A consumer that calls Fn::importValue("Corporate-MailZoneId") directly receives the marker-wrapped string and will fail downstream, which is by design. The -I- form is the only intended import path; readImports() strips the marker on its way back when consuming via the typed API.

The App wires it:

apps/Corporate/index.ts
const mailDns = new CorporateMailDnsStack(app, "Corporate", "CorporateMailDns", { ... });
mailDns.addDependency(rootImportStack);
mailDns.publish(); // called here, never inside the constructor

Consumers call CorporateMailDns.importValues() to get the typed value; nobody hardcodes the string Corporate-I-MailZoneId.

To consume a stack’s exports from a different CDK application, use ImportingStack (apps/Al1x/util.ts). It reconstructs exported infrastructure resources from CloudFormation via Fn.importValue. Adding new exports to one app requires a matching import entry in ImportingStack.


Custom resources allow CDK to invoke arbitrary logic during CloudFormation lifecycle events (Create, Update, Delete). This codebase uses the aws-cdk-lib/custom-resources Provider framework.

The WriteNSRecordsToUpstreamDns construct (constructs/xgress/write-ns-records-to-upstream-dns.ts) is the canonical example: it creates an NS delegation record in a Route53 zone in a different AWS account by assuming a cross-account IAM role from a Lambda.

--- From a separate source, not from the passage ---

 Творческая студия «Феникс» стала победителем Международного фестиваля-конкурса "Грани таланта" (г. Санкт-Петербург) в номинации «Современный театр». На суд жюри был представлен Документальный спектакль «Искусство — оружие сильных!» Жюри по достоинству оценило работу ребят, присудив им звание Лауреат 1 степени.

The three moving parts are always:

import * as custom_resources from "aws-cdk-lib/custom-resources";
// 1. The Lambda function — handles the Create/Update/Delete events
const onEventHandler = new lambda_nodejs.NodejsFunction(this, "Handler", {
entry: path.join(__dirname, "../inline-lambdas/my-handler.ts"),
handler: "handler",
role: lambdaExecutionRole,
timeout: cdk.Duration.minutes(3),
// Use logGroup (not logRetention) — see pitfalls section
});
// 2. The Provider — connects Lambda to the Custom Resource framework
const provider = new custom_resources.Provider(this, "Provider", {
onEventHandler,
});
// 3. The Custom Resource — the actual CloudFormation resource
new cdk.CustomResource(this, "Resource", {
serviceToken: provider.serviceToken,
resourceType: "Custom::MyResourceType", // must start with "Custom::"
properties: {
// values passed to the Lambda's event.ResourceProperties
targetAccountId: props.targetAccountId,
parentZoneName: props.hostingZoneName,
},
});

The AllowCreatingNSRecordsRole IAM construct (constructs/oam/allow-creating-ns-records-role.ts) is the trust-policy counterpart — it defines the IAM role in the target account that the Custom Resource Lambda assumes.

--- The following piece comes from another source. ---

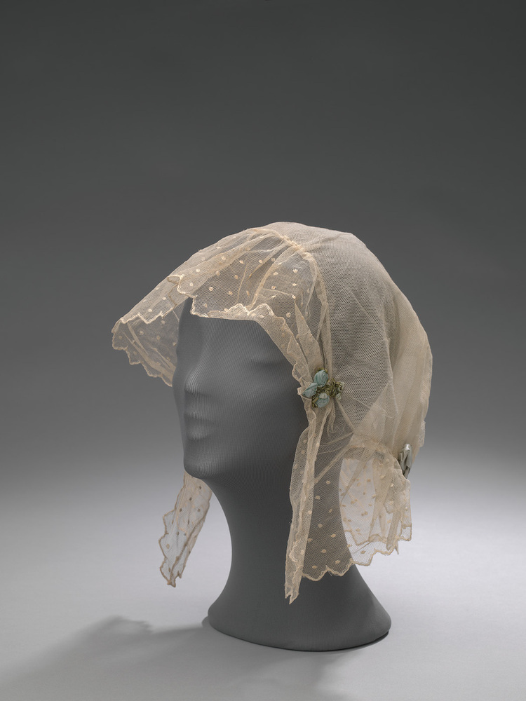 Witte muts van tule met machinale kant, blauwe zijden strik op de bol. Werd gedragen als ochtendmuts, in het boudoir. Werd in de jaren 1920-1930 boudoirmuts genoemd.- Trefwoorden

Every use of custom_resources.Provider produces more Lambdas than it appears to at first glance. Understanding the fan-out is important when reviewing PRs that add new Custom Resources, because Lambda count affects cold-start latency budgets, concurrency limits, and per-function CloudWatch log group proliferation.

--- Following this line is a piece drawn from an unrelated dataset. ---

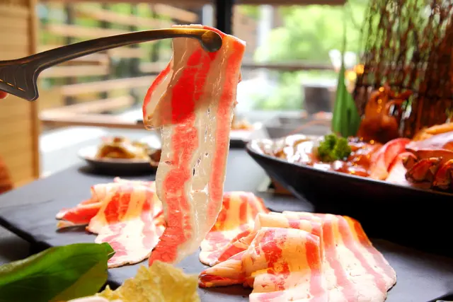 從這盤滿載的紅白肥瘦相間安格斯培根牛就可以感受到昭日堂鍋煮的滿滿誠意,就是要讓你吃飽飽!

Per-instance fan-out: two Lambdas per Provider

Section titled “Per-instance fan-out: two Lambdas per Provider”

Each new custom_resources.Provider(this, ...) call creates two Lambda functions:

  1. The user-supplied handler — the function you pass as onEventHandler. It executes your Create / Update / Delete logic.
  2. framework-onEvent — a Lambda injected by the CDK Provider framework itself. It wraps your handler, manages the async polling loop, and posts the CloudFormation signal back to the pre-signed S3 URL.

These two Lambdas are not deduplicated across Provider instances. Each Provider instance gets its own pair. So N constructs that each instantiate one Provider → 2N Lambdas from that source alone.

Stack-singleton: one LogRetention Lambda per stack

Section titled “Stack-singleton: one LogRetention Lambda per stack”

Any CDK construct that uses the logRetention: property causes CDK to synthesize a stack-level singleton Custom Resource of type Custom::LogRetention. Regardless of how many individual constructs in the same stack use logRetention:, CDK emits exactly one:

  • One LogRetentionFunction Lambda
  • One IAM execution role
  • One set of IAM policies

This singleton appears once in the CloudFormation template under the form LogRetention<hash>, where <hash> is CDK’s well-known LogRetention construct UUID with dashes stripped — for example, the CorporateMailDns stack emits LogRetentionaae0aa3c5b4d4f87b02d85b201efdd8a (the literal logical ID observed in the Phase 3 deploy log). It is a per-stack singleton, not a per-account or per-region singleton — two stacks that each have a logRetention: usage will each carry their own LogRetention Lambda, and each will share the same <hash> (it is the UUID of the construct class, not of a particular stack instance).

The logRetention: property is deprecated (see § 9). Newer constructs in this codebase pass an explicit logGroup: instead, which avoids the hidden Custom Resource entirely. Several existing constructs — including WriteNSRecordsToUpstreamDns — still use the deprecated form, which is the source of the @deprecated warnings emitted during cdk synth.

Worked example: NS-delegation Lambda counts

Section titled “Worked example: NS-delegation Lambda counts”

WriteNSRecordsToUpstreamDns (constructs/xgress/write-ns-records-to-upstream-dns.ts) is used in two different stack contexts with markedly different instance counts:

Corporate stack (CorporateMailDns): one instance of WriteNSRecordsToUpstreamDns — the single NS delegation from the root ardamails.com zone to arda.ardamails.com.

SourceCount
WriteNSRecordsToUpstreamDns handler + framework-onEvent2
Stack-singleton LogRetention (from logRetention: in WriteNSRecordsToUpstreamDns)1
Total3

Partition Ingress stack (per partition): four instances of WriteNSRecordsToUpstreamDns (one per zone family: io, app, auth, assets) plus four instances of a Route53 cleanup Custom Resource (used for clean stack delete):

SourceCount
4 × WriteNSRecordsToUpstreamDns handler + framework-onEvent8
4 × Route53 cleanup CR handler + framework-onEvent8
Stack-singleton LogRetention1
Total17

Reviewer checklist when a PR adds a Custom::* resource

Section titled “Reviewer checklist when a PR adds a Custom::* resource”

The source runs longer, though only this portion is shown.